### WHAT YOU SHOULD DO:
Leaving out the pictures, return word for word the stretch of entries below from the line holding "2014年4月18日晚7点,厦门大学第六" through the line holding "ジュエリーひよこちゃん Makdesign コメントをどうぞ".

### INFORMATION SHOWN:
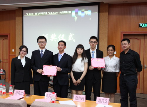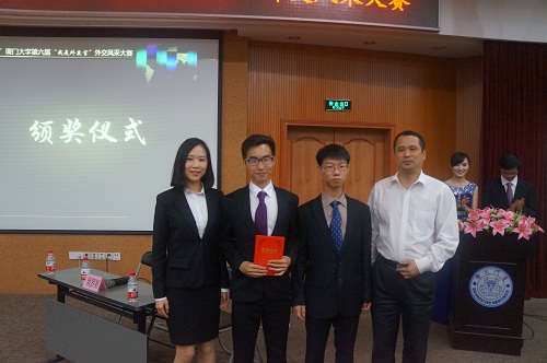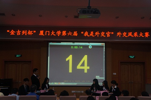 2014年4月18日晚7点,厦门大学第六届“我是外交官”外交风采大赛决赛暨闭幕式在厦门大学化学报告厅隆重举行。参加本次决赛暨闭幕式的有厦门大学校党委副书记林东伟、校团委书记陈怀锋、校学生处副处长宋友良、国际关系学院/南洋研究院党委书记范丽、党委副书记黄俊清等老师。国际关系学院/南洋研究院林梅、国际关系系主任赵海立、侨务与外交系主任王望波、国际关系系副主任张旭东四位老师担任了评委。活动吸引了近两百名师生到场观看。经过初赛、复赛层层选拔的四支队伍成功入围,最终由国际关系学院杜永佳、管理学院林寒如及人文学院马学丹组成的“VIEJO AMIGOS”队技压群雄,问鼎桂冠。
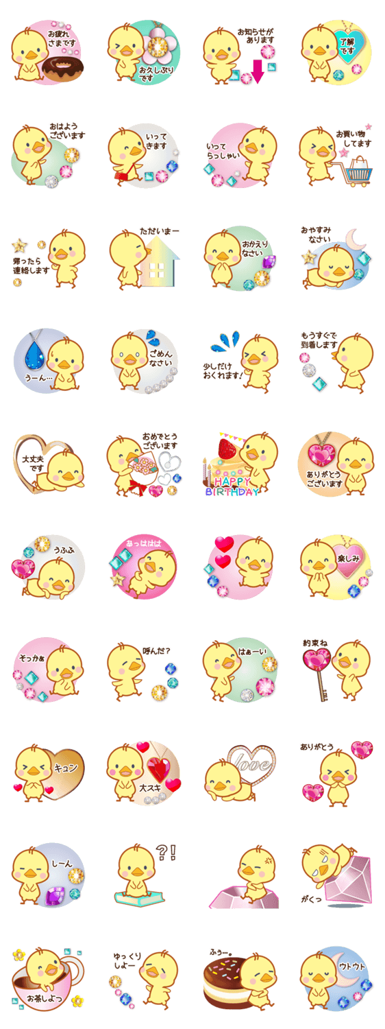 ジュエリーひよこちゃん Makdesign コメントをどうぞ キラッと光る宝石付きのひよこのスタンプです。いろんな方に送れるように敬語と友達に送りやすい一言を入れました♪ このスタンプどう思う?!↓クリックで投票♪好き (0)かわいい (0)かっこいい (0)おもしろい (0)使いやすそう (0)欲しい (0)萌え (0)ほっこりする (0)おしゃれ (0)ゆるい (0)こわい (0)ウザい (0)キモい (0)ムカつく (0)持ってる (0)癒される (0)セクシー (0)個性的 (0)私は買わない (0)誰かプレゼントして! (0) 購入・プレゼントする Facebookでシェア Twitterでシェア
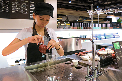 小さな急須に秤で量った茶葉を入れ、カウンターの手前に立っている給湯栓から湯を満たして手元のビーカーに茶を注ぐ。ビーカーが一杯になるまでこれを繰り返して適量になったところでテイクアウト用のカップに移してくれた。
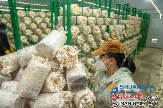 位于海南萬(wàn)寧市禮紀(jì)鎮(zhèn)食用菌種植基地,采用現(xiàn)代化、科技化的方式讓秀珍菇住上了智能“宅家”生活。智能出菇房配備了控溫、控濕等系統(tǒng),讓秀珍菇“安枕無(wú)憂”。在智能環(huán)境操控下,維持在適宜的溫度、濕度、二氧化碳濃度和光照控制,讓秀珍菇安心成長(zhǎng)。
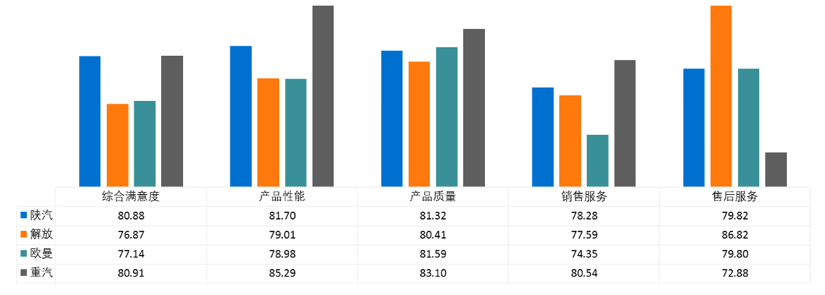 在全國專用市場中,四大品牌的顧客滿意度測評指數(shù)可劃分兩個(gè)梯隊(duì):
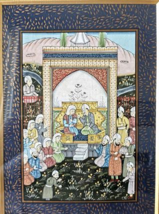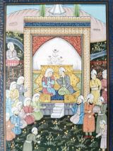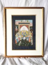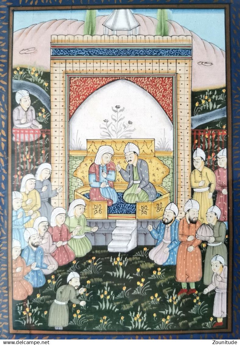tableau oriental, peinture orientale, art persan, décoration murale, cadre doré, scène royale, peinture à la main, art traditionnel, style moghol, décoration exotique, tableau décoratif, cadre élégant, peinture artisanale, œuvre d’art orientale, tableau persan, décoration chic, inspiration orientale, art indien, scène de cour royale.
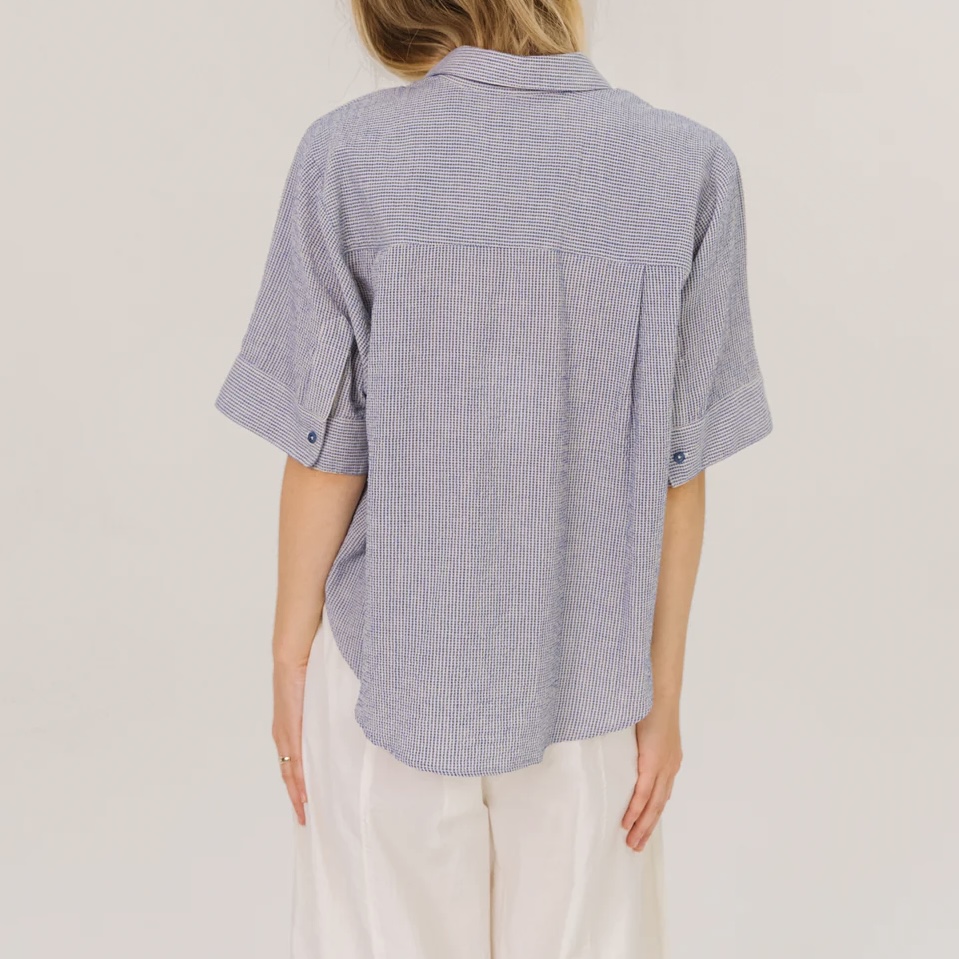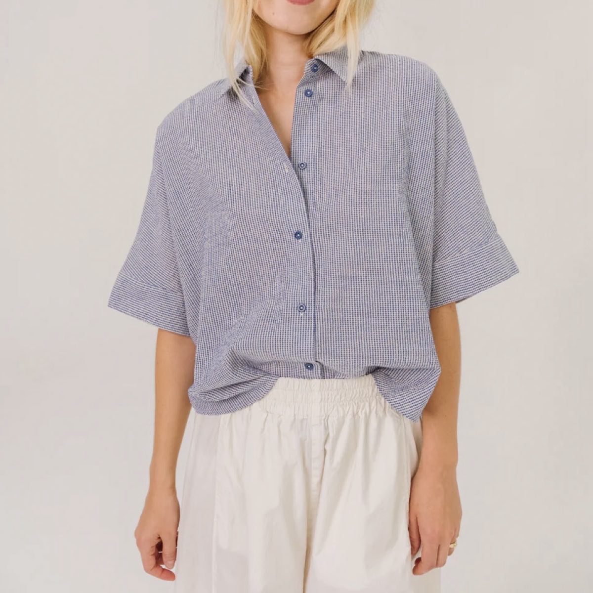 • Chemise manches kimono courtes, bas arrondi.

...

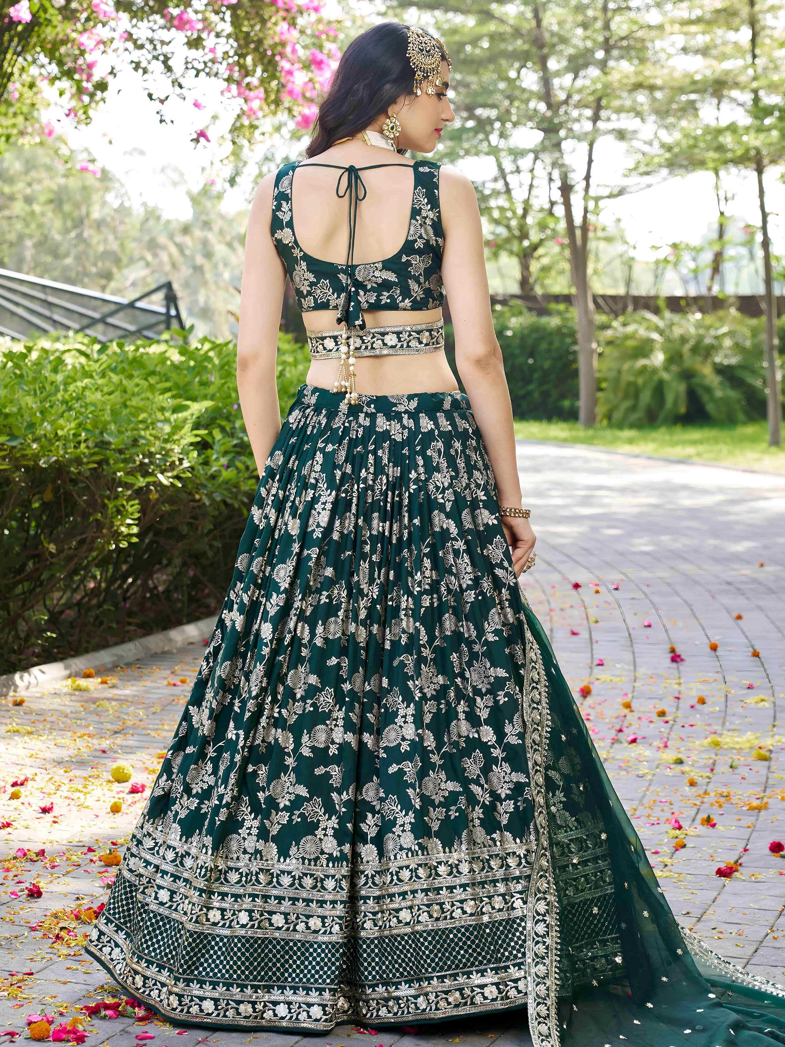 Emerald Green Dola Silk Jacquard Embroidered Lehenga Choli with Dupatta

...

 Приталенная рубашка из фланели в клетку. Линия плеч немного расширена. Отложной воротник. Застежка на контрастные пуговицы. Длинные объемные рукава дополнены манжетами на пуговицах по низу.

### ANSWER TO THE EXERCISE:
 2014年4月18日晚7点,厦门大学第六届“我是外交官”外交风采大赛决赛暨闭幕式在厦门大学化学报告厅隆重举行。参加本次决赛暨闭幕式的有厦门大学校党委副书记林东伟、校团委书记陈怀锋、校学生处副处长宋友良、国际关系学院/南洋研究院党委书记范丽、党委副书记黄俊清等老师。国际关系学院/南洋研究院林梅、国际关系系主任赵海立、侨务与外交系主任王望波、国际关系系副主任张旭东四位老师担任了评委。活动吸引了近两百名师生到场观看。经过初赛、复赛层层选拔的四支队伍成功入围,最终由国际关系学院杜永佳、管理学院林寒如及人文学院马学丹组成的“VIEJO AMIGOS”队技压群雄,问鼎桂冠。
 ジュエリーひよこちゃん Makdesign コメントをどうぞ キラッと光る宝石付きのひよこのスタンプです。いろんな方に送れるように敬語と友達に送りやすい一言を入れました♪ このスタンプどう思う?!↓クリックで投票♪好き (0)かわいい (0)かっこいい (0)おもしろい (0)使いやすそう (0)欲しい (0)萌え (0)ほっこりする (0)おしゃれ (0)ゆるい (0)こわい (0)ウザい (0)キモい (0)ムカつく (0)持ってる (0)癒される (0)セクシー (0)個性的 (0)私は買わない (0)誰かプレゼントして! (0) 購入・プレゼントする Facebookでシェア Twitterでシェア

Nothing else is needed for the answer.